If you just want to know about a leaf crate of your project, you can run a command like this:

cargo +nightly rustc -- -Zmacro-stats

and it will print information about the amount of code generated by both proc macros and declarative macros, though the former are usually more notable.

Or, if you want to know about multiple crates of your project, you can run a command like this:

RUSTFLAGS="-Zmacro-stats" cargo +nightly build

What does the output look like? Consider this very simple Rust program called measure_proc_macros:

fn main() { println!("yellow bird"); } #[test] fn my_test() { assert_eq!(1 + 1, 2); }

Here’s the -Zmacro-stats output, which is printed on stderr:

First, we can see that the println! had one use, and it produced one line of code, which was 63 bytes of text.

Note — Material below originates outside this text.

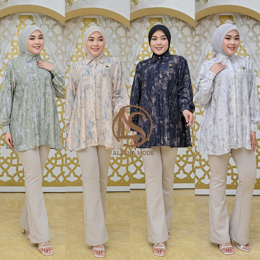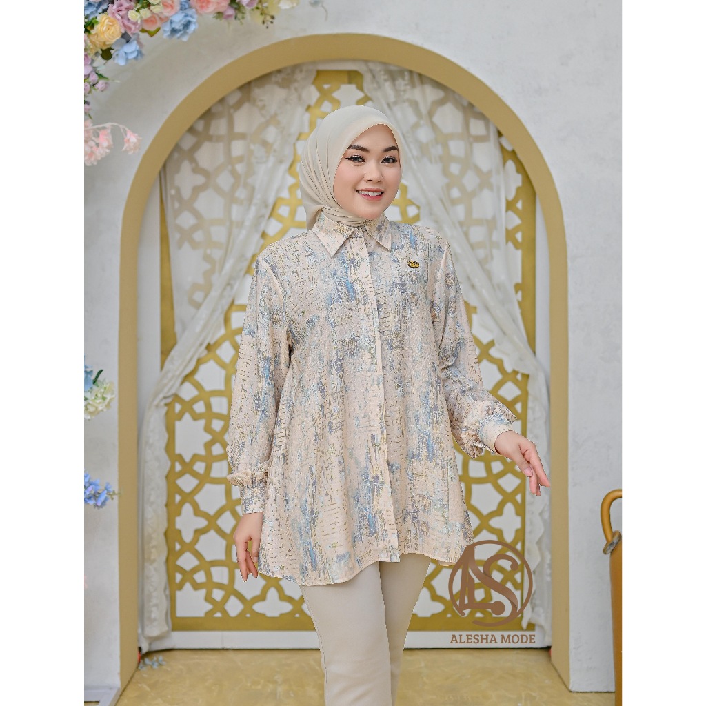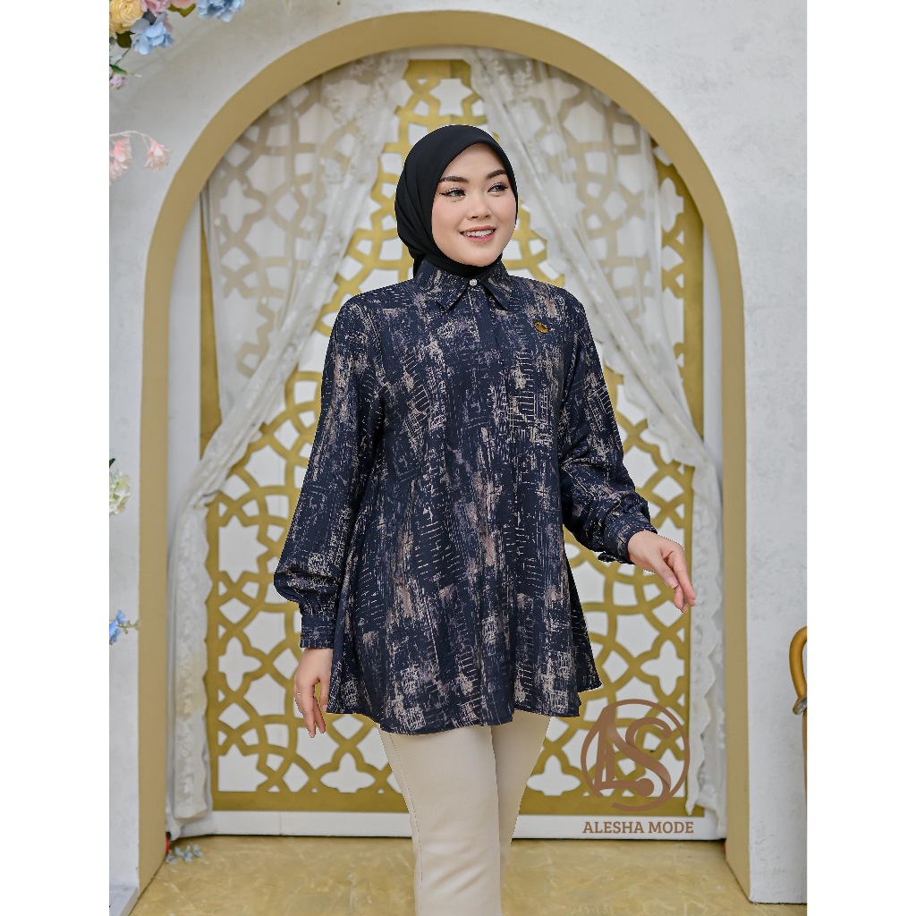 Blouse tunik katun silk silky premium motif printing terbaru standar hingga jumbo by Alesha Mode

The byte count is the ultimate measure, but lines of code are also included because that’s a code size measurement that programmers are more used to. The line count is made on code as formatted by the compiler’s internal pretty printer, so it won’t be affected by the formatting of any of the hand-written code.

Next, we can also see an entry for ::std::format_args_nl!. Where did that come from? Well, the println! call expands to code that includes a call to ::std::format_args_nl!, which then gets expanded.

Finally, we see that the #[test] produced zero code. This makes sense, because tests are omitted for normal builds. (I also tried -Zmacro-stats with cargo test and saw that the #[test] invocation generated 24 lines and 802 bytes of code.)

What about proc macros? Let’s try out some derive proc macros by adding this code:

#[derive(Clone, Copy, Debug, Default, PartialEq, Eq, PartialOrd, Ord, Hash)] #[derive(derive_more::From, derive_more::Add, derive_more::Constructor)] #[derive(serde::Serialize, serde::Deserialize)] #[derive(arbitrary::Arbitrary)] struct Point { x: i32, y: i32 }

This is a very simple struct with many derives:

all the builtin derives;
several builtin-like derives from derive_more;
serialization and deserialization derives from serde;
Arbitrary from arbitrary, which is used for fuzzing.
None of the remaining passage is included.